Downs provided a cheek swab when Alaska detectives went down to Maine with a search warrant.

Defense lawyer James Howaniec suggested that the semen could have been inside Sergie from consensual sex, according to Alaska Public Radio.

“It would not be surprising to find semen in a dead person who had sex even days before,” he said, citing testimony from forensic pathologist Dr. Norman Thompson, who discussed the autopsy.

As jurors heard in a 2019 recording, Downs denied to investigators that he ever had contact with Sergie. He declined to testify at trial.

“We do not know what Sophie did Saturday night [April 24],” defense attorney Howaniec said. “We don’t know if she went to a party. We don’t know who she hung out with.

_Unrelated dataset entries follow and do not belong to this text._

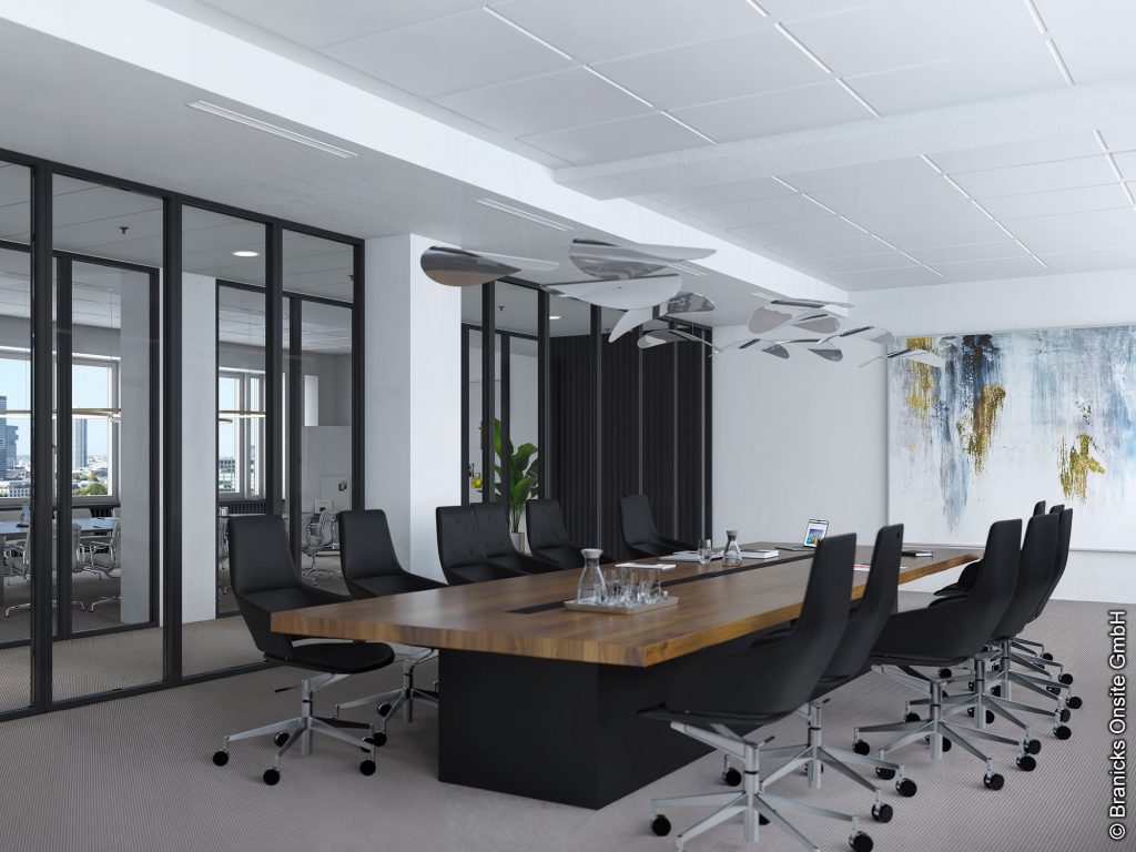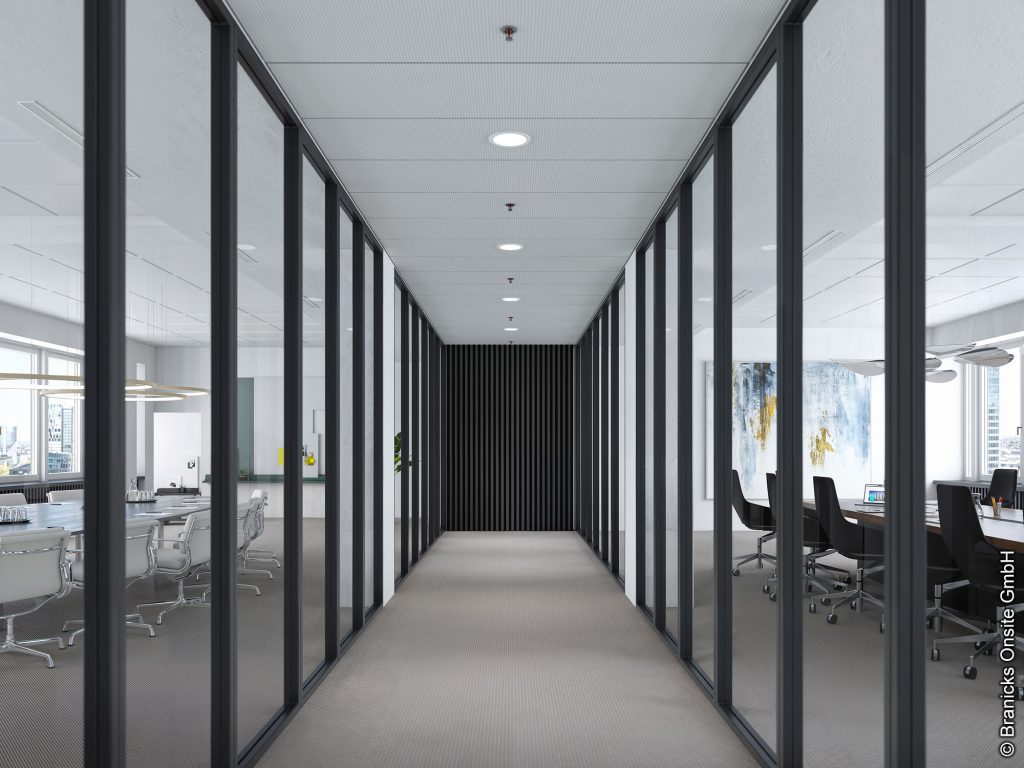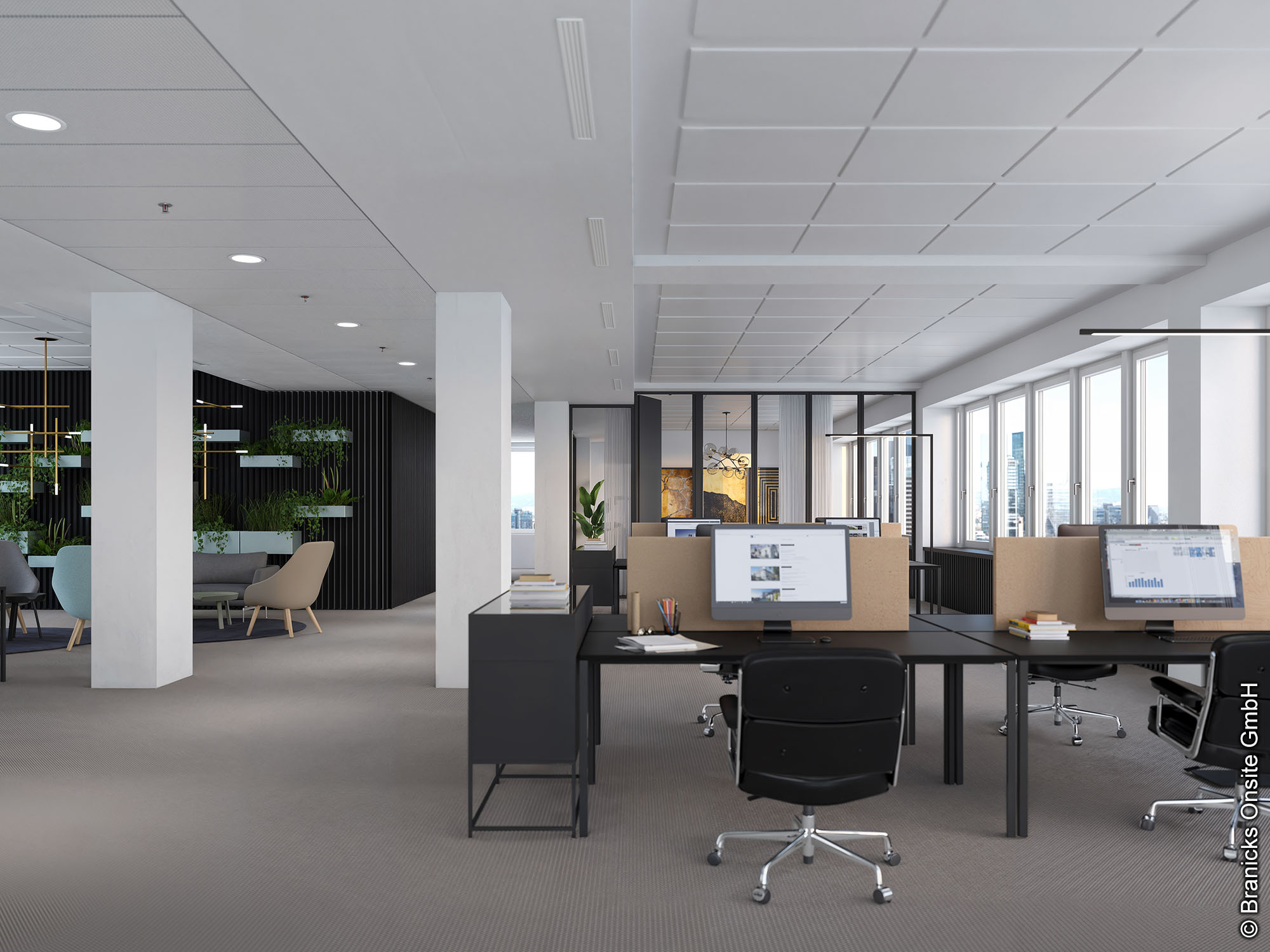 Die Mietflächen bestehen überwiegend aus flexibel teilbare Büroflächen mit Deckenhöhen zwischen 2,85 und 3,25 Metern. Die Raumaufteilung lässt sich an unterschiedliche Nutzungsanforderungen anpassen und ermöglicht sowohl klassische Bürokonzepte als auch offene Arbeitswelten.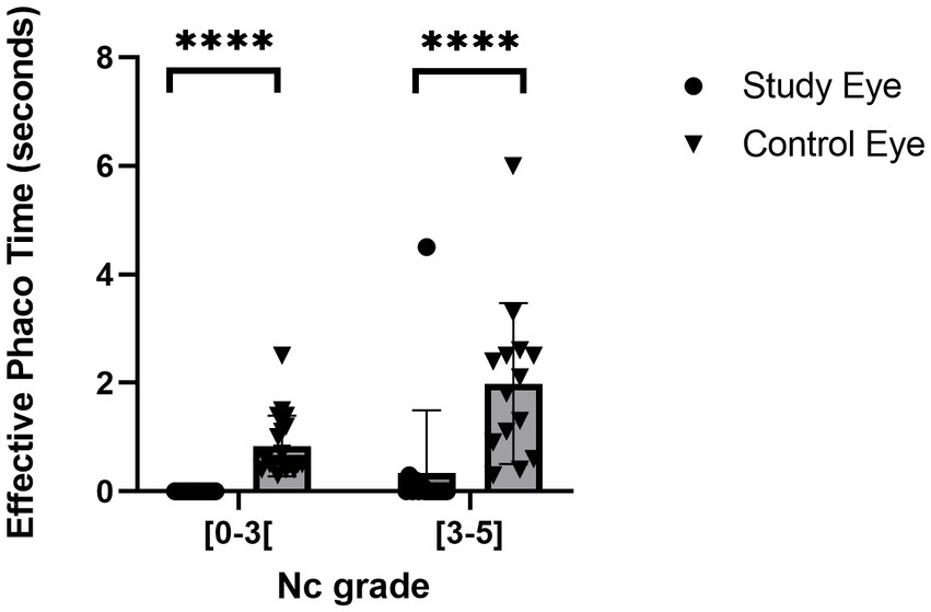 GraphPad Prism 9.4.1 for Windows (San Diego, CA, United States) was used to perform the statistical analysis. We compared sample means on parametric and non-parametric data sets using T-tests or Wilcox on matched pairs tests. Fisher’s exact test and Mann–Whitney test were used to compare distributions (for example, the number of zero-phaco procedures according to treatment and/or cataract grade). Statistical significance was defined as a p-value under 0.05.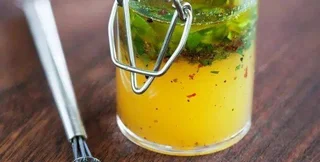 Такую заправку можно использовать для салата из микса салатных листьев, зелени и апельсиновых долек. Он получается освежающим и легким и идеально подходит к мясным и рыбным блюдам.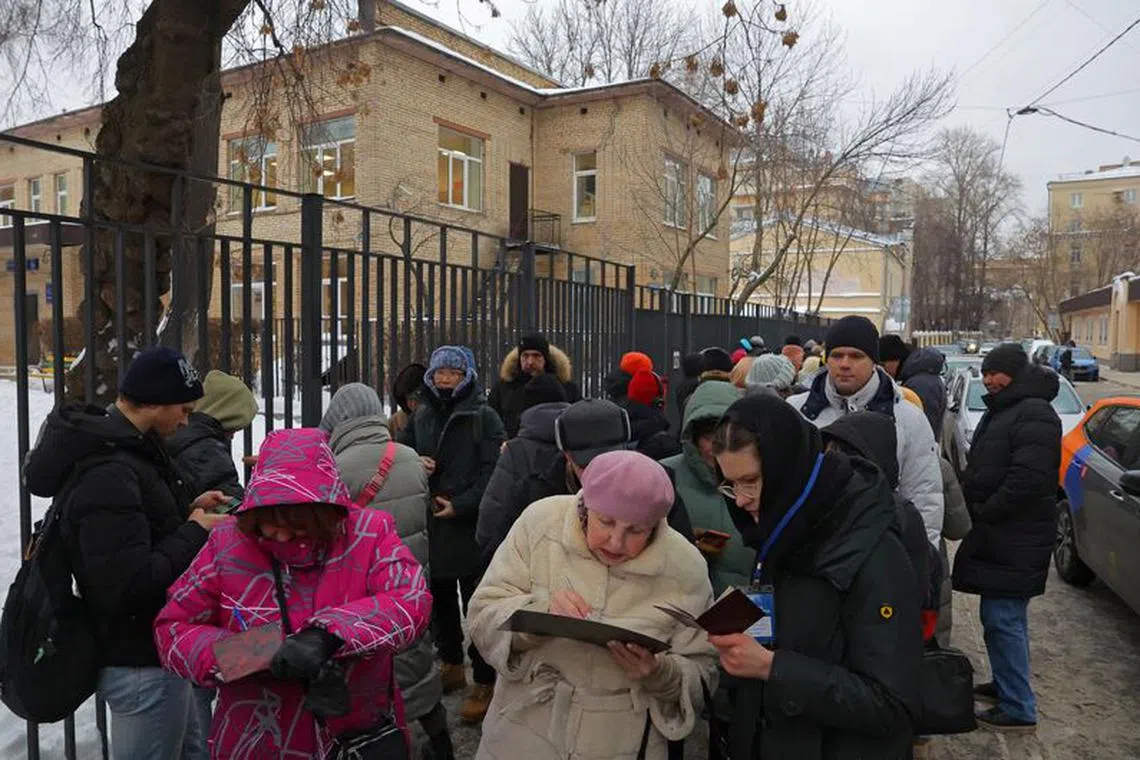 People putting signatures in support of Mr Boris Nadezhdin outside his campaign office in Moscow, Russia.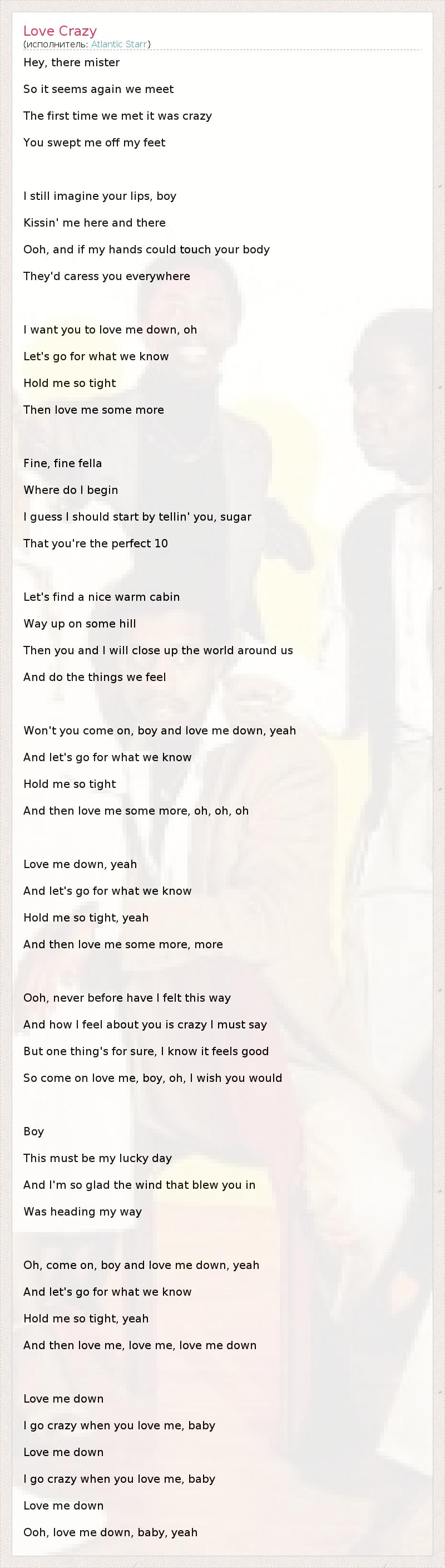 А как ты думаешь, о чем песня "Love Crazy" ?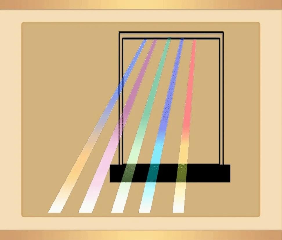 五束彩色的光线从窗口射进来了!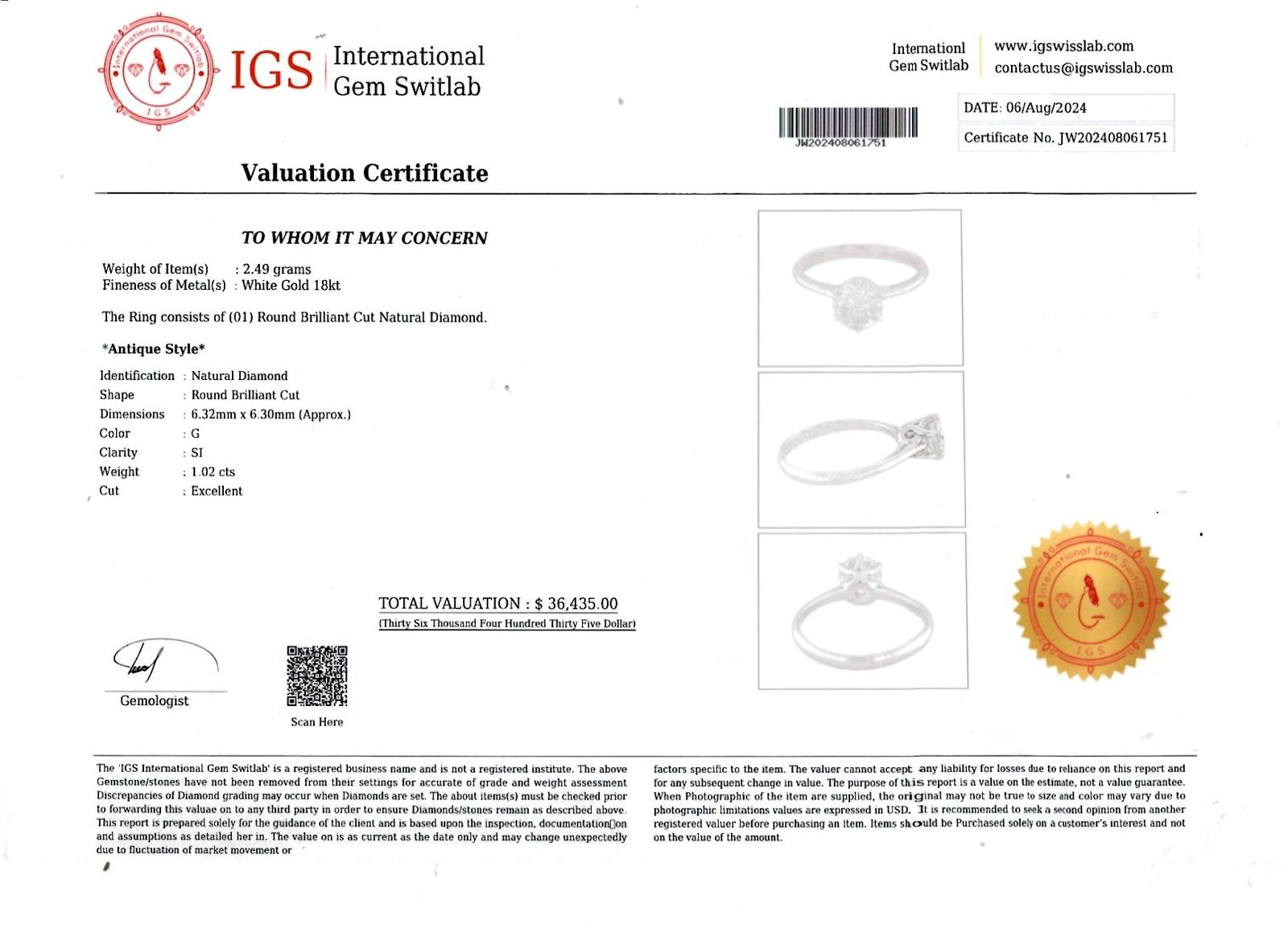 Elevate your style with this exquisite 1.02ct Round Brilliant Cut Natural Diamond Ring, a timeless symbol of elegance and sophistication. Featuring a dazzling round brilliant cut diamond with exceptional sparkle, this piece is designed to captivate and impress.

We do know she had an eclectic group of friends, some of them up on the third floor where Steven Downs lived.”

The defense asserted that Downs was with his girlfriend and other students watching movies and drinking, but the prosecution asserted that Downs still could have committed the act.

“In fact what she said was, he was in and out of her room, that he wasn’t there the whole night, particularly in the very early hours of April 26th,” Special Prosecutor Jenna Gruenstein. “She knew that he wasn’t there because that was when Bill Wilson tried to kiss her. And she knew for sure, Mr. Downs wasn’t in the room when that happened.”

Howaniec suggested that bystanders tainted the bathroom crime scene before state troopers arrived.

“The crime scene had been corrupted,” he said. “Some 19 people including students and possibly even the media had been to the bathtub scene before Jim and his team arrived.”

He suggested that Downs could never do something like this.

“Some of them like Nick, who became lifelong friends, paint a picture of a happy, well-adjusted kid from Maine,” he said. “Nick testified that he could never in a million years fathom that Steve could have done something like this.”

The defense acknowledged that Downs actually owned a .22 caliber gun, but they said he purchased it in 2015. Forensic experts testified they could not match the fatal bullet with the suspect gun because the round was too damaged.

Sergie’s brother Alexie Sergie said he forgave Downs but would not forget. The siblings’ mother died in 2021.

“On special occasions, she’d just burst out crying for a little bit,” Alexie said, according to Alaska’s News Source. “And she’d start a prayer and start praying. … I said to myself, you know, one of these days they’ll find they guy, they will find him. Nobody can hide for so long.”